Setelah Hindia Timur diserahkan kembali oleh Inggris kepada Belanda, landasan operasional di Hindia Belanda diatur berdasarkan Regeering Reglement (Peraturan Pemerintah, disingkat RR). Menurut peraturan ini, dalam menjalankan tugasnya gubernur jenderal (anggota Commisaris Generaal) didampingi oleh Raad van Indie yang beranggotakan empat orang. Gubernur Jenderal bersama Raad van Indie inilah yang disebut sebagai Pemerintahan Agung di Hindia Belanda. Sejak tahun 1816, ada dua instansi yang membantu pekerjaan Pemerintahan Agung di Batavia ini, yaitu Generale Secretarie (sekretaris umum) untuk membantu Commisaris General dan Gouvernement Secretarie (sekretaris pemerintahan) untuk membantu gubernur jenderal. Namun kedua lembaga itu berumur pendek dan dihapuskan pada tahun 1819. Kedudukannya kemudian digantikan oleh Algemene Secretarie, yang bertugas membantu gubernur jenderal (terutama memberikan pertimbangan keputusan).

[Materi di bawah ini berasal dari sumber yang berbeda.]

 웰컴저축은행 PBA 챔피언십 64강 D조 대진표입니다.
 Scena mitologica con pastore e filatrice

Dengan demikian, dapat dikatakan bahwa dalam hal-hal tertentu struktur birokrasi pemerintahan Hindia Belanda sama dengan pemerintahan VOC. Adapun perbedaan yang cukup mencolok di antara keduanya berkaitan dengan kewenangan gubernur jenderal . Apabila pada masa VOC tidak ada aturan khusus yang mengatur kewenangan gubernur jenderal sehingga dai dapat berimprovisasi sendiri dalam menjalankan pemerintahannya, maka pada masa Hindia Belanda terdapat peraturan yang mengatur kewenangan gubernur jenderal yang tertuang dalam RR. Begitu pula dalam hal pertanggung jawaban, apabila pada masa VOC gubernur jenderal memberikan laporannya kepada Heeren XVII,  maka pada masa Hindia Belanda dia bertanggung jawab langsung kepada raja melalui menteri jajahan.

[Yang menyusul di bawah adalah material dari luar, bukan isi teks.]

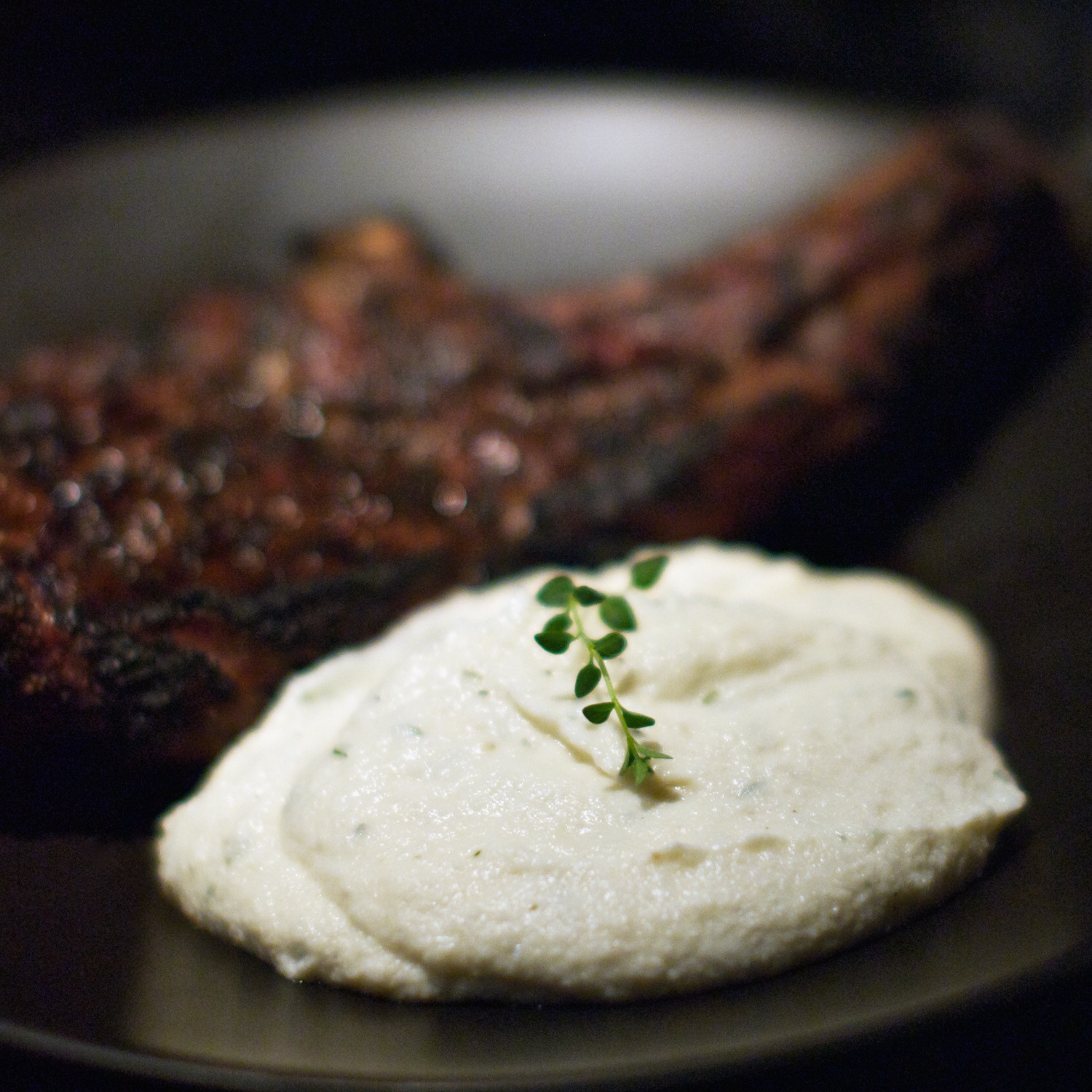 We ran across some MONSTER grass-fed ribeye steaks on-the-bone, perfect for Sunday Steak Night™! It seemed like a good night for a simple, mashed vegetable side dish. We have posted another recipe for mashed cauliflower, which I love, but it is really hearty and filling on its own. We needed something a little less rich to have with the ribeyes. This is a lighter version of mashed cauliflower – creamier in texture, but it still has a lot of flavor from the goat cheese and herbs.

Meskipun ada upaya untuk melakukan modernisasi struktur birokrasi pemerintahan Hindia Belanda, namun dalam batas-batas tertentu struktur sebelumnya masih tetap dipertahankan. Adapun dasar pertimbangannya adalah demi kepentingan praktis dan untuk mempertahankan loyalitas, khususnya loyalitas para elit bumiputera. Hal ini terlihat jelas dari struktur dan jabatan dalam organisasi pemerintahannya. Jabatan-jabatan teritorial di atas tingkat kabupaten tetap dipegang oleh orang-orang Eropa atau Belanda.
Jabatan tertinggi yang dipegang oleh orang Bumiputera adalah kepala kabupaten, yaitu bupati. Bupati ini dibantu oleh seorang patih. Di bawah tingkat kabupaten terdapat kewedanaan yang dijabat oleh seorang wedana. Kecamatan, yang dikepalai seorang camat, merupakan wilayah di bawah kewedanaan. Sedangkan jabatan kepala desa pada dasarnya tidak termasuk dalam struktur birokrasi pemerintah kolonial sehingga bukan merupakan anggota korp pegawai dalam negeri Hindia Belanda.
Korps pegawai dalam negeri Hindia Belanda, atau departemen dalam negeri (Departemen van Binnenland Bestuur, disingkat BB), terdiri atas pegawai bangsa Eropa dan bumiputera. Korp pegawai Eropa disebut Eropees bestuur sementara korps pegawai negeri bumiputera disebut inland bestuur. Kedua korp pegawai ini secara umum disebut binnenland bestuur (BB).  Dalam bahasa bumiputera BB ini disebut Pangreh Praja (Pemangku Kerajaan). Para pejabat bumiputera inilah yang disebut kaum priyayi, suatu istilah yang sebelumnya dipakai dalam kerajaan Jawa.
Meskipun jabatan teritorial dari tingkat kabupaten ke bawah masih tetap dipegang kaum bumiputera, namun dengan alasan untuk mendampingi para pejabat itu maka diadakan jabatan-jabatan non-teritorial setingkat kabupaten, kewedanaan dan akhirnya juga kecamatan. Apabila di tingkat kabupaten ada jabatan asisten residen, maka untuk tingkat kecamatan ada jabatan controleur, sementara di bawahnya lagi ada jabatan aspirant controleur.
Daftar Pustaka :
Iskandar, Mohammad dkk. 2007.  Sejarah : Indonesia dalam Perkembangan Zaman untuk SMA Program IPS.  Jakarta : Ganeca Exact.